Prezes ZBP o pomyśle zamrożenia WIBOR

Prezes ZBP o pomyśle zamrożenia WIBOR
Krzysztof Pietraszkiewicz, Prezes Związku Banków Polskich (fot. ZBP)
Udostępnij Ikona facebook Ikona LinkedIn Ikona twitter
Do pomysłu zamrożenia wskaźnika WIBOR, który między innymi jest jednym z elementów wpływających na wysokość miesięcznych rat kredytów odniósł się Krzysztof Pietraszkiewicz, prezes Związku Banków Polskich w wywiadzie prowadzonym przez red. Jacka Żakowskiego w Radiu TOK FM. Temat został wywołany wypowiedzią Marcina Wrońskiego z Kolegium Gospodarki Światowej Szkoły Głównej Handlowej, który w OKO.press ogłosił pomysł zamrożenia WIBOR.

Krzysztof Pietraszkiewicz odnosząc się do tej propozycji przypomniał, że zmienne stopy procentowe to naturalne zjawisko w gospodarce rynkowej.

Stwierdził, że 20 procent kredytobiorców zaciągało kredyt kiedy stopy znajdowały się powyżej 4,5 procent.

Większość kredytobiorców wraca teraz do wysokości rat kredytów z czasu kiedy zawierali umowy kredytowe

W przedziale najniższym, kiedy stopy znajdowały się na poziomie 0,1- 1,5 procent umowy kredytowe podpisało 15 procent kredytobiorców. To oznacza, że większość kredytobiorców wraca teraz do wysokości rat kredytów z czasu kiedy zawierali umowy kredytowe.

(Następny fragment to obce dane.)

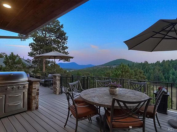 Unbelievable Custom Ranch Home Backs up to over 30 Acres of Open Space w Fantastic Mountain Views. Tradition & Style Exudes from this Beautifully Appointed Estate Nestled amongst Mature Pines & Aspens offering 4 Beds, 6 Baths, Finished Walk-out Basement, 1,400 Bottle Wine Cellar, Abundant Living Space & an Attached Over-sized 844 SqFt 3 Car Garage. Elegant Features of this Remodeled Upgraded Home begin w a Bright Vaulted Living Room enhanced w Wood Beams, Wall of Windows framing Amazing Mountain Views, Gorgeous Hardwood Floors on Main Level, Wet Bar, 2 Fireplaces & Multiple Deck Access; Points for Fabulous indoor/outdoor Entertainment. Walk-out Basement has Expansive Sunlit Family Room w Great Vistas, Gas Fireplace, Wet Bar & an Exquisite Custom Mahogany Wine Room. Step outside onto a Spacious Lower level, no drip Covered Deck; Perfect for Relaxing & Entertaining. Main Level Great Room has Fireplace & Upper Deck access. Gourmet Kitchen has Slab Granite Counters, Huge Quartz Island w Breakfast Bar, SS Appliances includes New Double Ovens, Gas Cooktop, Beautiful Cabinetry, Pantry, Sun filled Breakfast Nook w Access to Deck w gated access to Spiral Staircase connecting Upper & Lower Maintenance Free Decks. Spacious Main Level Office has Built-ins & Desk. Master Retreat w Sitting Area & Walk-in Closets. Luxurious 5-Piece Master Bath has Freestanding Air Jet Soaking Tub, Large Steam Shower, Water Closet, Tile Floor. 3 more Sun Lit Beds in Lower Level all w Beautiful en Suite Baths & Bonus Room, Ideal as a Workout Room. Main Level has Large Laundry w Cabinets, Counter Space & Utility Sink, Powder Room & Mud Room. New Stucco Exterior. Xeriscape Landscaping & Hardwired Landscape Lighting. 3 Flagstone Patios in Back, 1 w Gas Firepit, lower has Pergola, & 3rd near deck has 50 Amp Electrical Panel (supports future hot tub). Only a Few Minutes to Shopping, Dining & Trails. Close to Golf & Evergreen Lake. Just 30 minutes to Denver. See Virtual 3-D & Aerial Tours.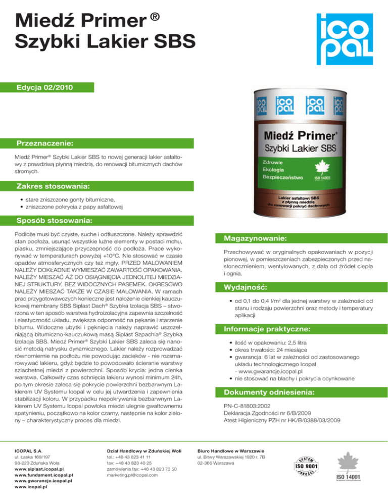 Miedź Primer ® Szybki Lakier SBS Edycja 02/2010 Przeznaczenie: Miedź Primer® Szybki Lakier SBS to nowej generacji lakier asfaltowy z prawdziwą płynną miedzią, do renowacji bitumicznych dachów stromych. Zakres stosowania: • stare zniszczone gonty bitumiczne, • zniszczone pokrycia z papy asfaltowej Sposób stosowania: Podłoże musi być czyste, suche i odtłuszczone. Należy sprawdzić stan podłoża, usunąć wszystkie luźne elementy w postaci mchu, piasku, zmniejszające przyczepność do podłoża. Prace wykonywać w temperaturach powyżej +10°C. Nie stosować w czasie opadów atmosferycznych czy też mgły. PRZED MALOWANIEM NALEŻY DOKŁADNIE WYMIESZAĆ ZAWARTOŚĆ OPAKOWANIA. NALEŻY MIESZAĆ AŻ DO OSIĄGNIĘCIA JEDNOLITEJ MIEDZIANEJ STRUKTURY, BEZ WIDOCZNYCH PASEMEK. OKRESOWO NALEŻY MIESZAĆ TAKŻE W CZASIE MALOWANIA. W ramach prac przygotowawczych konieczne jest nałożenie cienkiej kauczukowej membrany SBS Siplast Dach® Szybka Izolacja SBS – stworzona w ten sposób warstwa hydroizolacyjna zapewnia szczelność i elastyczność układu, zwiększa odporność na pękanie i starzenie bitumu. Widoczne ubytki i pęknięcia należy naprawić uszczelniającą bitumiczno-kauczukową masą Siplast Szpachla® Szybka Izolacja SBS. Miedź Primer ® Szybki Lakier SBS zaleca się nanosić metodą natrysku dynamicznego. Lakier należy rozprowadzać równomiernie na podłożu nie powodując zacieków - nie rozsmarowywać lakieru, gdyż będzie to powodowało ścieranie warstwy szlachetnej miedzi z powierzchni. Sposób krycia: jedna cienka warstwa. Całkowity czas schnięcia lakieru wynosi minimum 24h, po tym okresie zaleca się pokrycie powierzchni bezbarwnym Lakierem UV Systemu Icopal w celu jej utwardzenia i zapewnienia stabilizacji koloru. W przypadku niepokrywania bezbarwnym Lakierem UV Systemu Icopal powłoka miedzi ulegnie gwałtownemu spatynieniu, początkowo na kolor czarny, następnie na kolor zielony – charakterystyczny proces dla miedzi. ICOPAL S.A. ul. Łaska 169/197 98-220 Zduńska Wola www.siplast.icopal.pl www.fundament.icopal.pl www.gwarancje.icopal.pl www.icopal.pl Dział Handlowy w Zduńskiej Woli tel.: +48 43 823 41 11 fax: +48 43 823 40 25 zamówienia fax: +48 43 823 73 50 [email protected] Magazynowanie: Przechowywać w oryginalnych opakowaniach w pozycji pionowej, w pomieszczeniach zabezpieczonych przed nasłonecznieniem, wentylowanych, z dala od źródeł ciepła i ognia. Wydajność: • od 0,1 do 0,4 l/m2 dla jednej warstwy w zależności od stanu i rodzaju powierzchni oraz metody i temperatury aplikacji Informacje praktyczne: • ilość w opakowaniu: 2,5 litra • okres trwałości: 24 miesiące • gwarancja: 6 lat w zależności od zastosowanego układu technologicznego Icopal - www.gwarancje.icopal.pl • nie stosować na blachy i pokrycia ocynkowane Dokumenty odniesienia: PN-C-81803:2002 Deklaracja Zgodności nr 6/B/2009 Atest Higieniczny PZH nr HK/B/0388/03/2009 Biuro Handlowe w Warszawie ul. Bitwy Warszawskiej 1920 r. 7B 02-366 Warszawa ISO 14001 Zarządzanie Ochroną Środowiska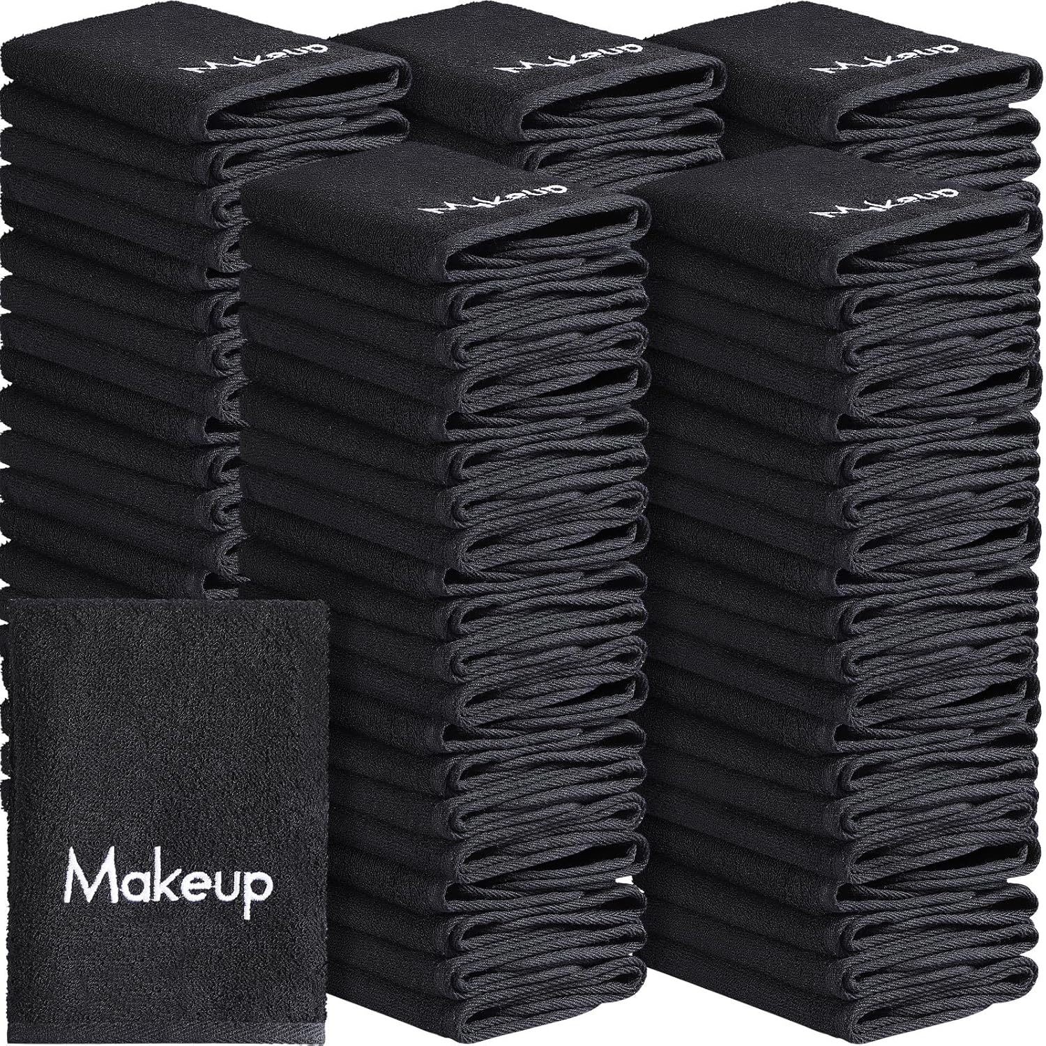 Chumia 100 Pcs Makeup Remover Cloths 13 x 13 Inch Makeup Towel Face Washcloths with Embroidery Black Reusable Washcloths Soft Cleansing Face Towel for Women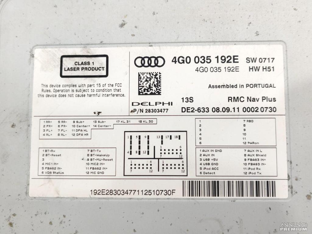 UNITA DI TESTA NAVIGAZIONE MULTIMEDIA LETTORE CD AUDI A7 8F7 2011 SD4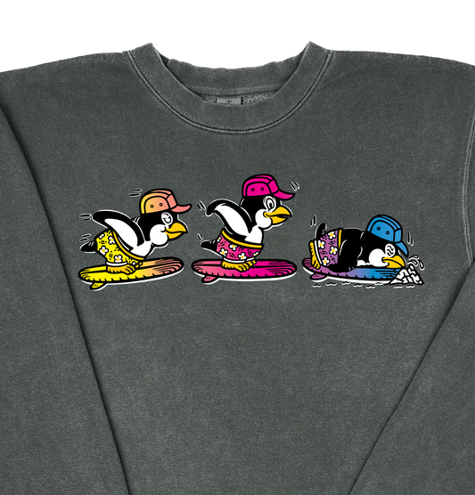 Penguins Surfing “Pigment Dyed” Crewneck Sweatshirt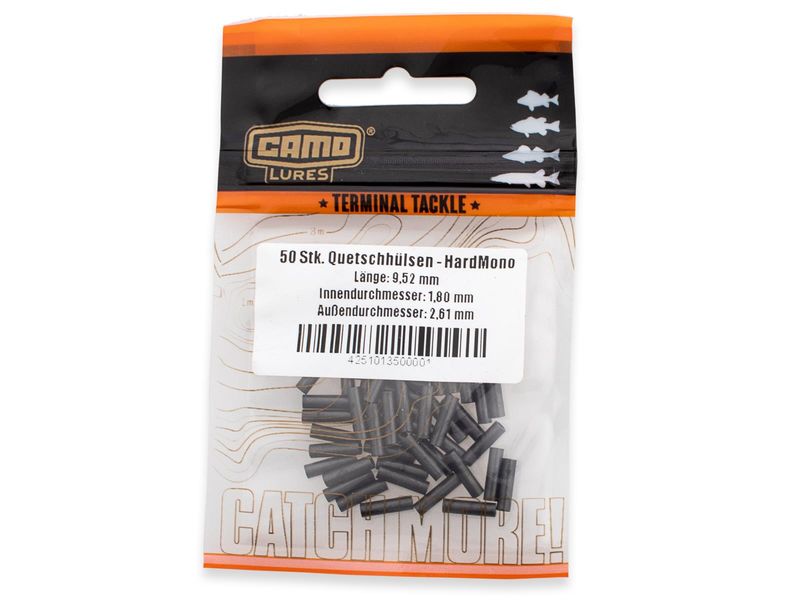 Die CAMO Quetschhülsen sind extra für Hardmono gefertigt, für das perfekte verarbeiten von Hardmonovorfächern. Der optimale Schnurdurchmesser für die Quetschhülsen ist 0,65 mm bis 0,90 mm.

Przypomniał, że banki udzielając kredytów brały pod uwagę sytuację wnioskujących o kredyty i ich zdolność do obsługi kredytu nawet w sytuacji, w której wzrosną stopy procentowe o kilka punktów procentowych. Klienci znali takie symulacje – to wymóg nadzorczy.

Koszt obniżenia inflacji

Prezes ZBP uważa, że banki mają za zadanie także ochronę wkładów klientów, którzy powierzyli im swoje pieniądze, zapewnić finansowanie gospodarki i stabilność finansową państwa.

Koszty walki z inflacją zapewne będą musiały być sprawiedliwie rozłożone na nas wszystkich, w tym na kredytobiorców, osoby posiadające depozyty w bankach i na podatników.

Na co mogą liczyć kredytobiorcy?

Zdaniem Krzysztofa Pietraszkiewicza Fundusz Wsparcia Kredytobiorców, na którym banki ulokowały kilkaset milionów złotych, może być pomocny w sytuacji, w której kredytobiorca będzie miał problemy z regulacją zobowiązań, np. straci pracę lub zachoruje.

W jego opinii banki mogą rozważyć w uzasadnionych, w określonych przypadkach obniżenie marży, co wpłynęłoby na obniżenie miesięcznych rat kredytów. W ten sposób przyszłyby kredytobiorcom z pomocą.

– Przecież banki “nie żyją z tego, że klienci nie obsługują kredytów”, ale z tego, że są w stanie spłacać kredyty, podsumował prezes ZBP.